§ **WHAT TO WORK ON**: Would you please return the data below verbatim, without its pictures?

Saved data entries:

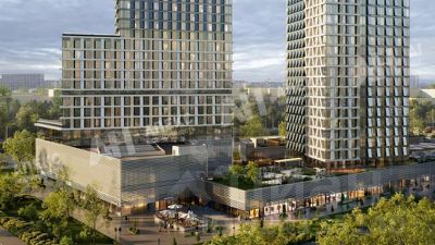 На первых этажах торговая галерея с ресторанами, фитнес-центром, магазинами, банками и аптеками
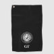 Erstellen Sie Ihr eigenes Golfhandtuch mit mit Monogramm Initialen. Ein klassisches Design mit einem Siegeskranz, der einen Golfball und Tee umrahmt. Diese bearbeitbare Vorlage kann für einen Golfclub, einen Country Club, einen Firmennamen, einen Teamplayer, einen Golfclub oder einen einzelnen Golfer angepasst werden. Ideal für Feiertage, Firmenveranstaltungen, Wettbewerbe, Turniere und vieles mehr. Druckfarben: Schwarz/Weiß. Bestellen Sie die Kollektion für beliebtere Golf-Geschenkideen online!
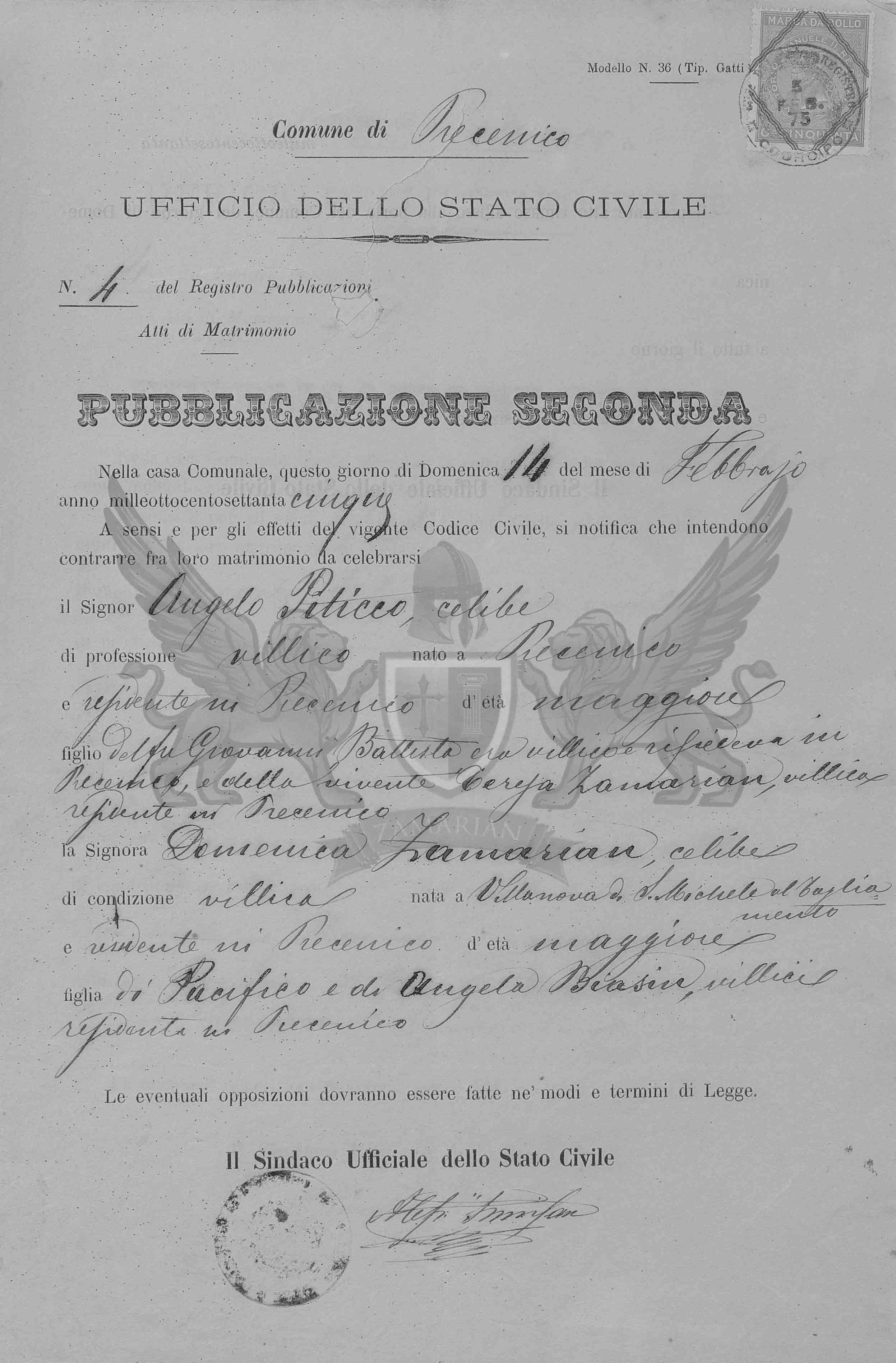 A sensos e pelos efeitos do vigente Código Civil, se notifica que intendem contrair matrimônio entre eles a celebrar o Senhor Angelo Piticco, solteiro e camponês, nascido em Precenicco e residente em Precenicco, de idade maior, filho do falecido Giovanni Battista era camponês e residia em Precenicco e da vivente Teresa Zamarian, camponesa residente em Precenicco e a Senhora Domenica Zamarian, solteira de condição camponesa, nascida em Villanova de San Michele al Tagliamento e residente em Precenicco, de idade maior, filha de Pacifico e de Angela Biasin, camponeses, residentes em Precenicco.
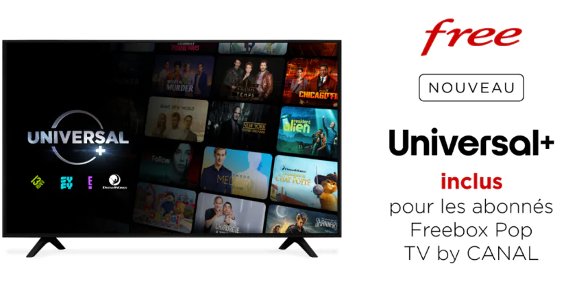 Free nous annonce ce soir qu’il gâte tous ses abonnés Freebox Pop avec TV by CANAL à 44,99€/mois : le service de divertissement Universal+ est désormais inclus avec leur offre Freebox. C’est automatique, sans surcoût et toujours sans engagement.
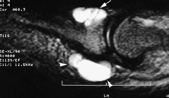 Intravenous injection of gadolinium may increase image contrast, making it possible to visualize small ligament tears (Fig. 11.13).10 Tears may involve the distal or proximal insertion or the middle third of the ligament (Figs. 11.13 and Fig. 11.14).
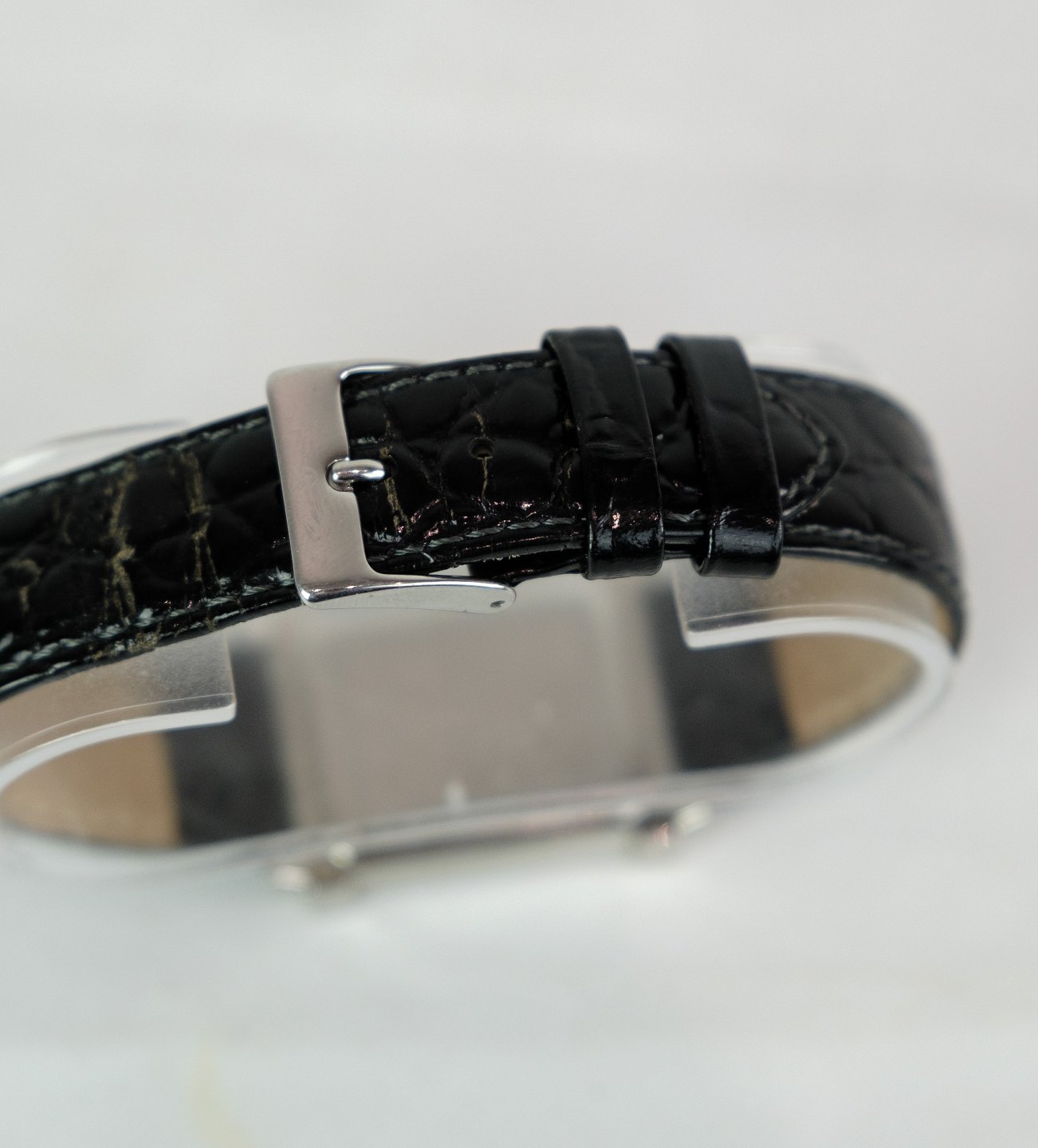 SoldChristina London women's watch black crocodile leather strap with white dial with 0.03 carat diamonds.
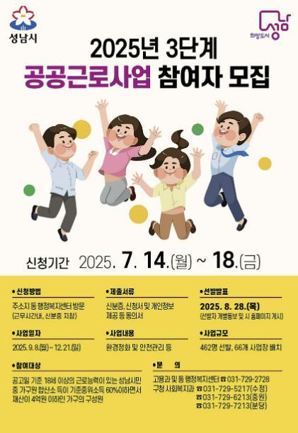 [한국제일신문, 김성옥기자] 성남시는 오는 7월 14일부터 18일까지 ‘2025년도 3단계 공공근로사업’ 참여 희망자 462명을 모집한다.
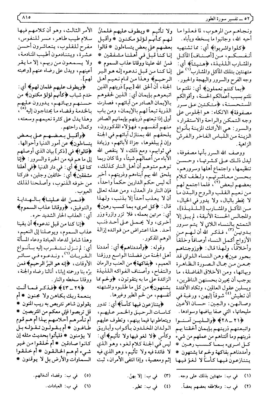 {21-28} {وَالَّذِينَ آمَنُوا وَاتَّبَعَتْهُمْ ذُرِّيَّتُهُمْ بِإِيمَانٍ أَلْحَقْنَا بِهِمْ ذُرِّيَّتَهُمْ وَمَا أَلَتْنَاهُمْ مِنْ عَمَلِهِمْ مِنْ شَيْءٍ كُلُّ امْرِئٍ بِمَا كَسَبَ رَهِينٌ * وَأَمْدَدْنَاهُمْ بِفَاكِهَةٍ وَلَحْمٍ مِمَّا يَشْتَهُونَ * يَتَنَازَعُونَ فِيهَا كَأْسًا لا لَغْوٌ فِيهَا وَلا تَأْثِيمٌ * وَيَطُوفُ عَلَيْهِمْ غِلْمَانٌ لَهُمْ كَأَنَّهُمْ لُؤْلُؤٌ مَكْنُونٌ * وَأَقْبَلَ بَعْضُهُمْ عَلَى بَعْضٍ يَتَسَاءَلُونَ * قَالُوا إِنَّا كُنَّا قَبْلُ فِي أَهْلِنَا مُشْفِقِينَ * فَمَنَّ اللَّهُ عَلَيْنَا وَوَقَانَا عَذَابَ السَّمُومِ * إِنَّا كُنَّا مِنْ قَبْلُ نَدْعُوهُ إِنَّهُ هُوَ الْبَرُّ الرَّحِيمُ} .

§ **SOLUTION**:
 На первых этажах торговая галерея с ресторанами, фитнес-центром, магазинами, банками и аптеками
 Erstellen Sie Ihr eigenes Golfhandtuch mit mit Monogramm Initialen. Ein klassisches Design mit einem Siegeskranz, der einen Golfball und Tee umrahmt. Diese bearbeitbare Vorlage kann für einen Golfclub, einen Country Club, einen Firmennamen, einen Teamplayer, einen Golfclub oder einen einzelnen Golfer angepasst werden. Ideal für Feiertage, Firmenveranstaltungen, Wettbewerbe, Turniere und vieles mehr. Druckfarben: Schwarz/Weiß. Bestellen Sie die Kollektion für beliebtere Golf-Geschenkideen online!
 A sensos e pelos efeitos do vigente Código Civil, se notifica que intendem contrair matrimônio entre eles a celebrar o Senhor Angelo Piticco, solteiro e camponês, nascido em Precenicco e residente em Precenicco, de idade maior, filho do falecido Giovanni Battista era camponês e residia em Precenicco e da vivente Teresa Zamarian, camponesa residente em Precenicco e a Senhora Domenica Zamarian, solteira de condição camponesa, nascida em Villanova de San Michele al Tagliamento e residente em Precenicco, de idade maior, filha de Pacifico e de Angela Biasin, camponeses, residentes em Precenicco.
 Free nous annonce ce soir qu’il gâte tous ses abonnés Freebox Pop avec TV by CANAL à 44,99€/mois : le service de divertissement Universal+ est désormais inclus avec leur offre Freebox. C’est automatique, sans surcoût et toujours sans engagement.
 Intravenous injection of gadolinium may increase image contrast, making it possible to visualize small ligament tears (Fig. 11.13).10 Tears may involve the distal or proximal insertion or the middle third of the ligament (Figs. 11.13 and Fig. 11.14).
 SoldChristina London women's watch black crocodile leather strap with white dial with 0.03 carat diamonds.
 [한국제일신문, 김성옥기자] 성남시는 오는 7월 14일부터 18일까지 ‘2025년도 3단계 공공근로사업’ 참여 희망자 462명을 모집한다.
 {21-28} {وَالَّذِينَ آمَنُوا وَاتَّبَعَتْهُمْ ذُرِّيَّتُهُمْ بِإِيمَانٍ أَلْحَقْنَا بِهِمْ ذُرِّيَّتَهُمْ وَمَا أَلَتْنَاهُمْ مِنْ عَمَلِهِمْ مِنْ شَيْءٍ كُلُّ امْرِئٍ بِمَا كَسَبَ رَهِينٌ * وَأَمْدَدْنَاهُمْ بِفَاكِهَةٍ وَلَحْمٍ مِمَّا يَشْتَهُونَ * يَتَنَازَعُونَ فِيهَا كَأْسًا لا لَغْوٌ فِيهَا وَلا تَأْثِيمٌ * وَيَطُوفُ عَلَيْهِمْ غِلْمَانٌ لَهُمْ كَأَنَّهُمْ لُؤْلُؤٌ مَكْنُونٌ * وَأَقْبَلَ بَعْضُهُمْ عَلَى بَعْضٍ يَتَسَاءَلُونَ * قَالُوا إِنَّا كُنَّا قَبْلُ فِي أَهْلِنَا مُشْفِقِينَ * فَمَنَّ اللَّهُ عَلَيْنَا وَوَقَانَا عَذَابَ السَّمُومِ * إِنَّا كُنَّا مِنْ قَبْلُ نَدْعُوهُ إِنَّهُ هُوَ الْبَرُّ الرَّحِيمُ} .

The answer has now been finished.